Plus Montreal is pretty cold in the winter, where would the bees that survive the summer go?

Thanks!

CGR


----------



## MinnePchyolka (Apr 9, 2010)

Urban beekeeping is all the rage. Google it.


----------



## Specialkayme (Sep 4, 2005)

There was an article in one of the bee magazines a few months ago (can't remember which one) that was all about urban beekeeping . . . in Montreal if I remember correctly. It had hives kept on the roof of a hotel, in addition to a few other houses in the city.

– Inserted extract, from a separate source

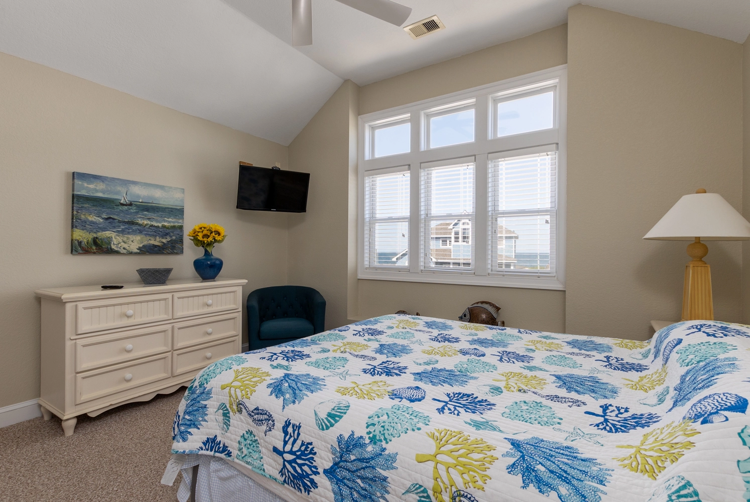 "Ocean Hill 1 was perfect for our family! The beds comfortable, kitchen utensils, pots and pans were better than any past rental, good ocean views from top deck and ground level rooms were better than any past rental. Good beach access, we like the challenge of that dune hill, ages 20 months to 69 years did it twice a day for two weeks! Only suggestion, we would have liked some outdoor tables on top decks and poolside. Thanks for the stellar weather too!"

Hives are kept much further north than Montreal. They will overwinter there too.


----------



## Bsweet (Apr 9, 2010)

Sounds like you need to keep your gear and shoot a show on urban beekeeping. You would be surprised how many beekeepers and thier bees are in town, alot of folks here on this forum have city bees and we have members from around the world. Welcome and wait to sell your gear for a while. jim


----------



## Michael Bush (Aug 2, 2002)

I've had bees in town off and on since the 70's. No serious issues. Once in a while some neighbor finally realizes you have bees, but usually they have been there a year by then...


----------



## dreamlandart (Aug 1, 2011)

Recently moved from Chicago to Virginia and Chicago had tons of urban hives. Chicago is one of the cities with more green roofs than any other city and therefore also many hives on those green roofs.


----------



## KQ6AR (May 13, 2008)

Backyard beekeeper outnumber commercial beekeepers.
There is probably a club in you're area.


----------



## AmericasBeekeeper (Jan 24, 2010)

Welcome! It would be good to learn more about bees before going to the media. Correct information is better for beekeeping.


----------



## Stephanie (Sep 4, 2011)

I wrote an article for OpenFile Montreal about urban beekeeping in the Montreal area.

http://montreal.openfile.ca/montreal/file/2011/06/urban-beekeeping-rise-montreal

I found Branislav Babic of the McGill Apiculture Association to be a terrific resource.

http://www.maa-mac.com/


----------